The knobby man watched Louis’s face as he spoke. “First, if vampires become numerous, we deplete our prey. Intelligent hominids might even find a way to exterminate us. I don’t want any species of vampire getting too much attention. You don’t want us spreading.”

“The vampire slayers, were they yours? No, that’s crazy. They’re your own species.”

“No, Louis, they’re not. There must be a hundred separate species of vampire on the Ringworld.”

“Ah. Where do yours live?”

Bram ignored that. “Louis, I did not shape the Shadow Nest Alliance. Their solution was elegant, wasn’t it?”

“Yeah.”

“Second, these invaders from space threaten the Ringworld structure itself.”

Louis nodded. “An interstellar warship can always use a meteoroid impact for a weapon. Watch for falling comets.”

“The third threat is protectors, for the duels they fight.”

Louis asked, “Just how many protectors have we got already?”

“Three or more involved in repairing the rim wall installations. Each would seem to have its task, but all will bear watching.”

“What species, can you tell?”

“It’s an important question, isn’t it? Those who rule would be vampires. Any others would be servants drafted from local species. Louis, one can argue—”

“How the tanj did the Ringworld come to be infested with vampire protectors?”

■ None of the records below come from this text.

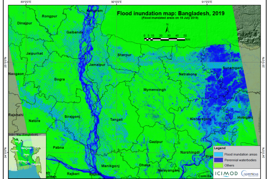 In July 2019, Bangladesh, India and Nepal experienced floods and landslides during the South Asian monsoon season. On the night of the 17 July, the Jamuna river in Bangladesh broke through the embankment, inundating over 40 villages and displacing more than 200,000 people. Experts of the International Centre for Integrated Mountain Development (ICIMOD), a UN-SPIDER Regional Support Office, prepared flood inundation maps after the floods struck Bangladesh. By making use of free satellite data from the Sentinel-1 satellite of the Copernicus programme, ICIMOD experts were able to create maps that give a synoptic overview of the extent of inundation caused by the floods.
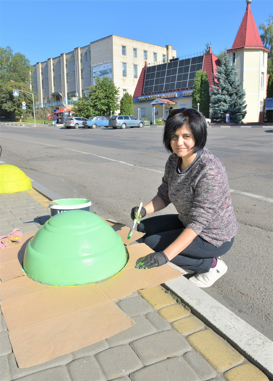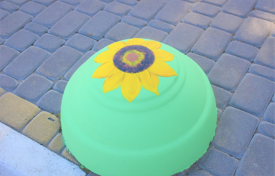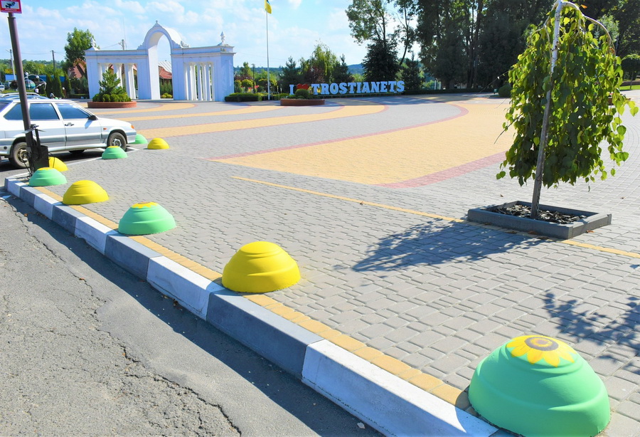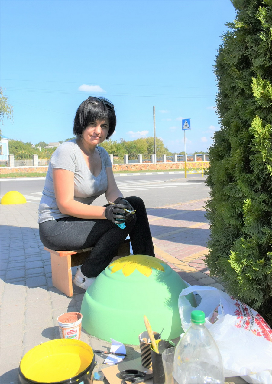 У селищі Тростянець на бетонних паркувальних півсферах «зацвіли» соняшники. Малює їх майстриня, яка переїхала на Вінниччину з Миколаївщини через війну.
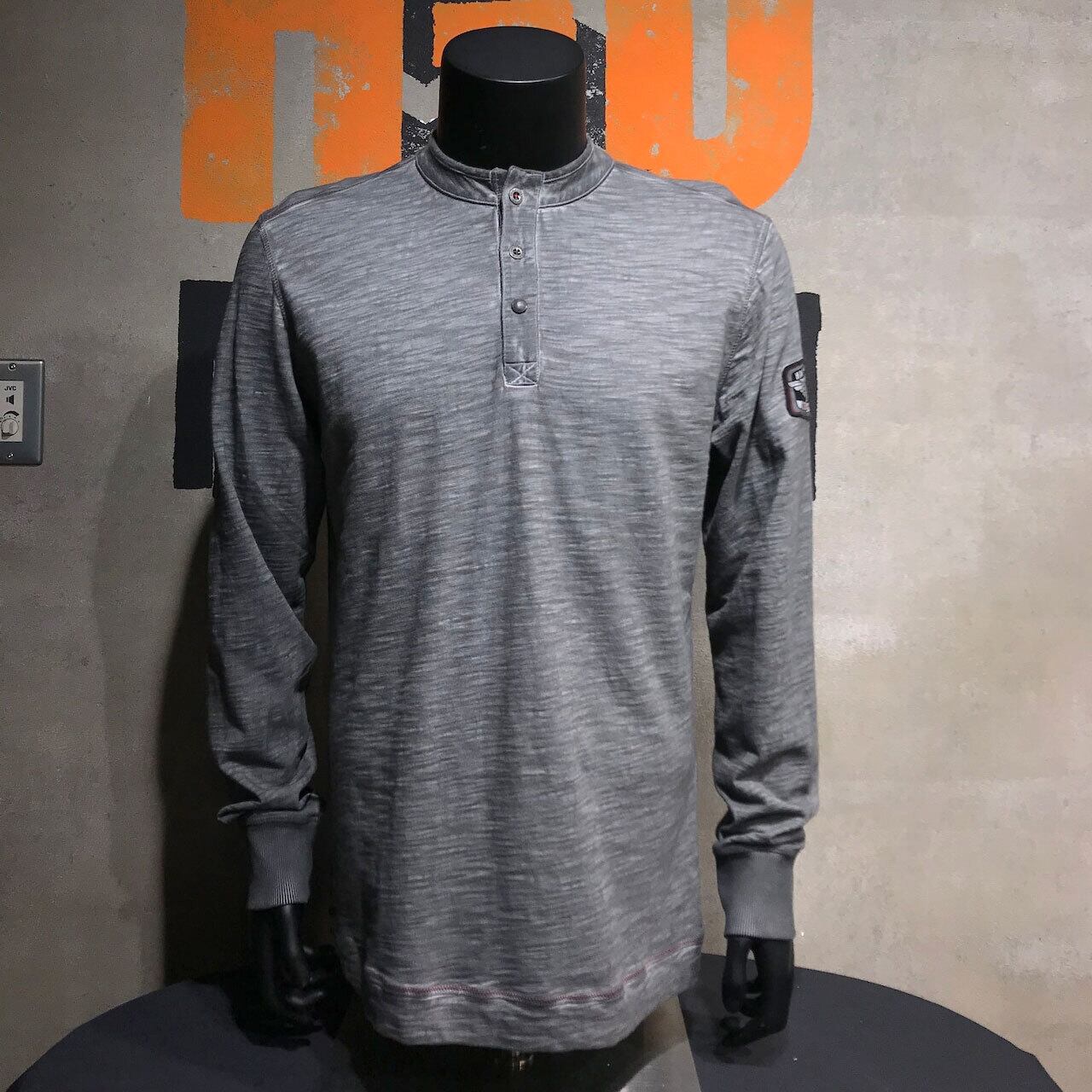 ウォッシュ加工が施された、コットン100%ジャージ生地のヘンリーネックTシャツです。
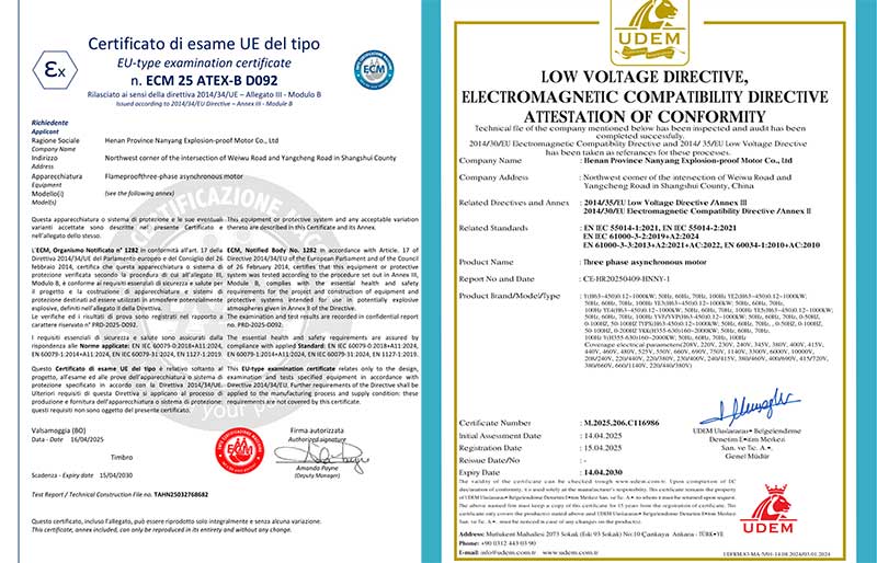 與此同時,ATEX認證(防爆指令認證)是針對在潛在爆炸性環境中使用的設備所進行的專業安全評估。歐洲市場對防爆設備的安全性能要求極為嚴格,ATEX認證不僅要求產品本身性能穩定,還需要企業具備完善的質量管理體系。本次獲得的ECM 25 ATEX-B D092證書,進一步證明了南洋防爆電機在防爆技術、防護等級和質量控制等方面達到了國際認可水平。
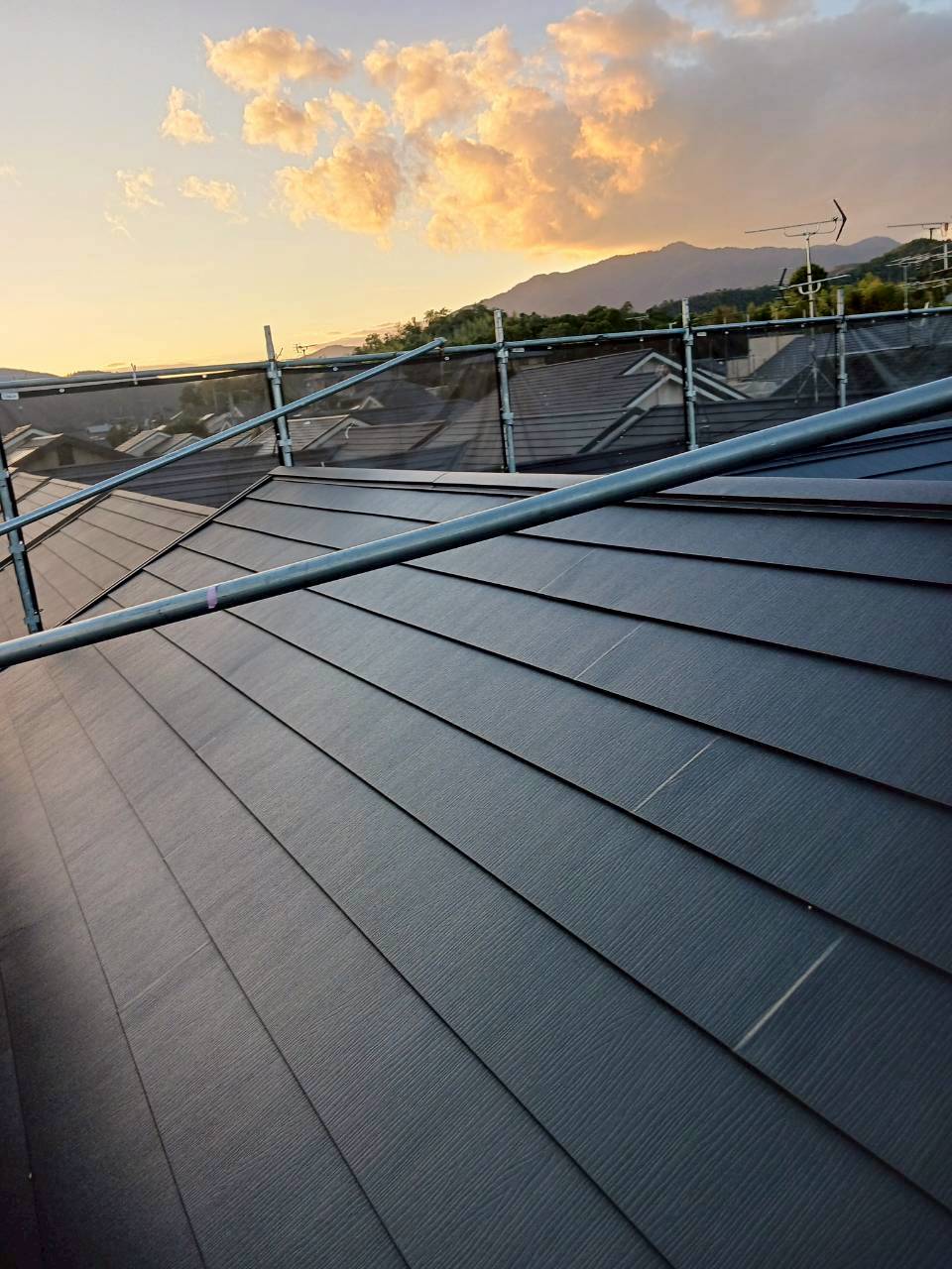 本日もIG工業のスーパーガルテクトをカバー工法にて施工させていただきました。スーパーガルテクトはちぢみ塗装による上質な質感と豊富なカラーバリエーションがあり、建物の外観デザインに合わせて選択できます。 ちなみにちぢみ塗装とは塗装後に加熱することで表面に独特のシワ模様(ちぢみ)ができる特殊な塗装方法になります。
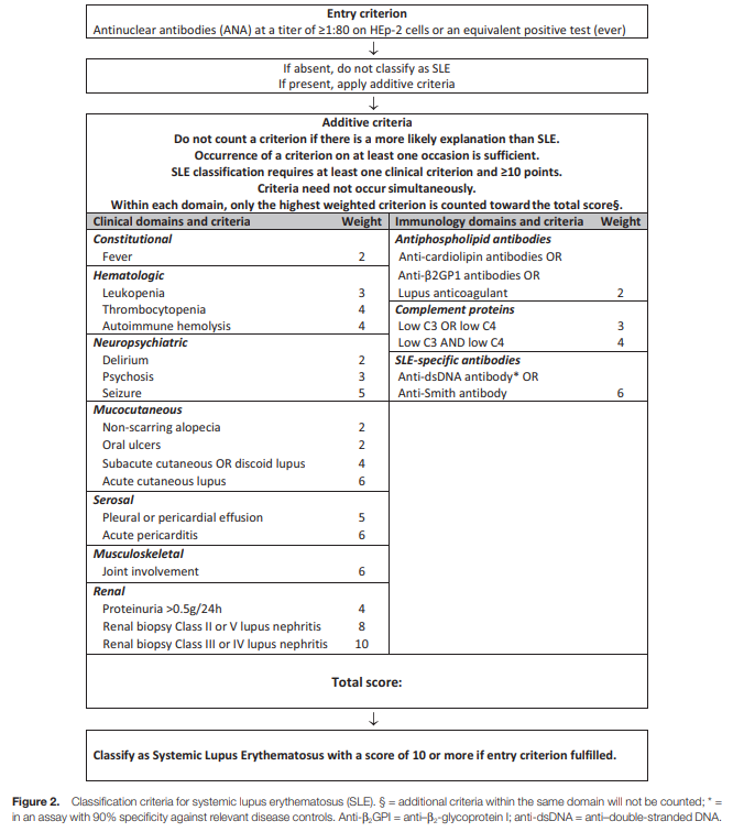 圖4 2019年EULAR與ACR聯(lián)合發(fā)布的SLE分類(lèi)標(biāo)準(zhǔn)
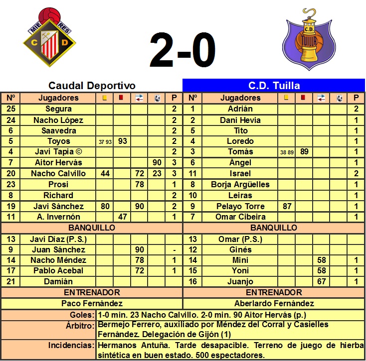 Partido de la 5ª jornada en Tercera, el primer clasificado recibía al segundo después de encajar el jueves la derrota por 5-0 en El Candín. La sed de venganza de los hombres de Paco, se trasladó al terreno de juego con buen juego y ganas por llevarse la victoria. El Caudal salió con tres centrales y dos carrileros como viene siendo habitual esta temporada y le dio buen resultado al equipo blanquinegro. Los mierenses dominaron en la primera parte la posesión y en el min. 23, Nacho Calvillo, que se movió con bastante libertad por las dos bandas, recortaba desde la derecha hacia adentro y batía a Adrián desde fuera del área. El Tuilla no intimidó la meta de Segura en el primer tiempo y los caudalistas sólo tuvieron otra ocasión, fue en el 38', un centro de Aitor Hervás que Prosi recibió en el primer palo y disparó al lateral de la red. Tras una primera parte sin ocasiones, el Tuilla salió más metido en la segunda y a los dos minutos, un córner botado por Israel desde la izquierda, lo cabecean al segundo palo y Armando Invernón bajo palos saca con la mano, penalti y expulsión que no dio lugar a dudas. Borja Argüelles fue el encargado de lanzarlo y su disparo se estrelló en el travesaño. El Caudal no le perdió la cara al partido, manteniendo el esquema y dejando a Javi Sánchez como único hombre de ataque. En el 61', Pelayo Torre finaliza mal una contra después de plantarse sólo ante Segura, perdiendo una clara ocasión para empatar. Dos minutos más tarde, una cesión al meta langreano, Adrián, que fue provocado por la afición mierense durante el partido, se lució haciendo un sombrero a Nacho Calvillo, que seguro que puso por momentos el corazón de Abelardo y Roberto Robles a máximas pulsaciones. El Tuilla no daba la impresión de poder empatar el partido, ante un Caudal que buscaba el disparo lejano aprovechando que Adrián estaba adelantado y en el 79' Javi Sánchez desde 50 m. apunto estuvo de conseguirlo, pero el meta visitante sacó bajo palos. En el último cuarto, el Tuilla adelantó líneas, aunque sin ocasiones claras, salvo una falta que rechazó Segura a disparo de Leiras. En el 89' llegó la jugada del 2-0, un centro desde la izquierda al segundo palo que cabecea Pablo Acebal, da en la mano de Tomás, costándole la segunda amarilla y señalando el colegiado penalti. Aitor Hervás disparó al centro y abajo al interior de la red. En la prolongación, Toyos era expulsado por doble amarilla, al hacer una falta en el centro del campo, quedando con 9 jugadores el Caudal durante apenas 1-2 minutos. Justa victoria del Caudal, que tuvo la fortuna de que Borja Argüelles marrase el penalti, ya que el partido, con el empate y con uno menos los locales, podría haber cambiado. Los mierenses son líderes con 15 putnos de 15 disputados y aventajan en 3 a su inmediato perseguidor, el U.P. Langreo.
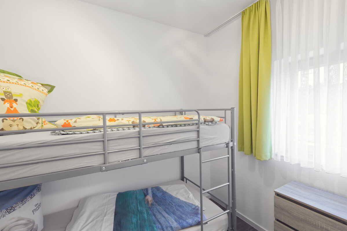 Wohnzimmer mit offener Küche, Schlafzimmer 1 Doppelbett, 1 Kinderzimmer, 1 Etagenbett 200 cm lang, Bad
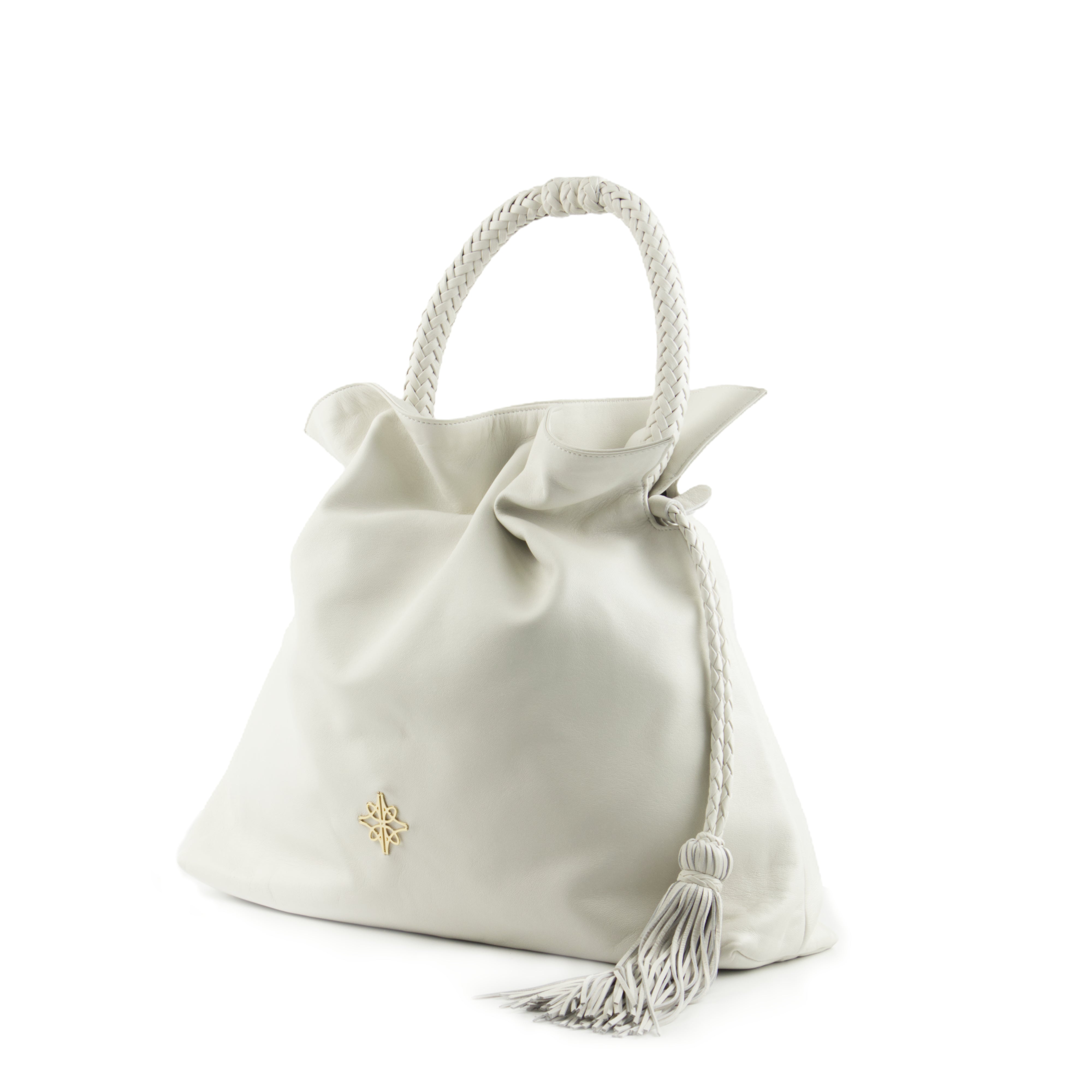Шкіряна сумка-мішок на затяжці. Дві регульовані та знімні шкіряні ручки (одна з яких через плече). Застібка-магніт.

“That is an intricate tale, but why should I tell it?”

Louis had carefully not bound himself or the Hindmost to reveal secrets. How could he urge Bram to reveal his? He said, “It’s your call. First decide what you want. Decide if we can give it to you. Then decide how much we need to know to do it right.”

The knobby man’s hand danced over the wall. He said, “You keep secrets. Why should I tell mine? You are bound to obey regardless.”

Try this - “You’ve been shooting down ships. Stet, but suppose you miss one? You’ve no way to judge what they’ll do next. We three, I and Acolyte and the Hindmost, are the only aliens at hand. You expect to watch us and extrapolate what invaders would do. But we don’t react if we don’t know anything.”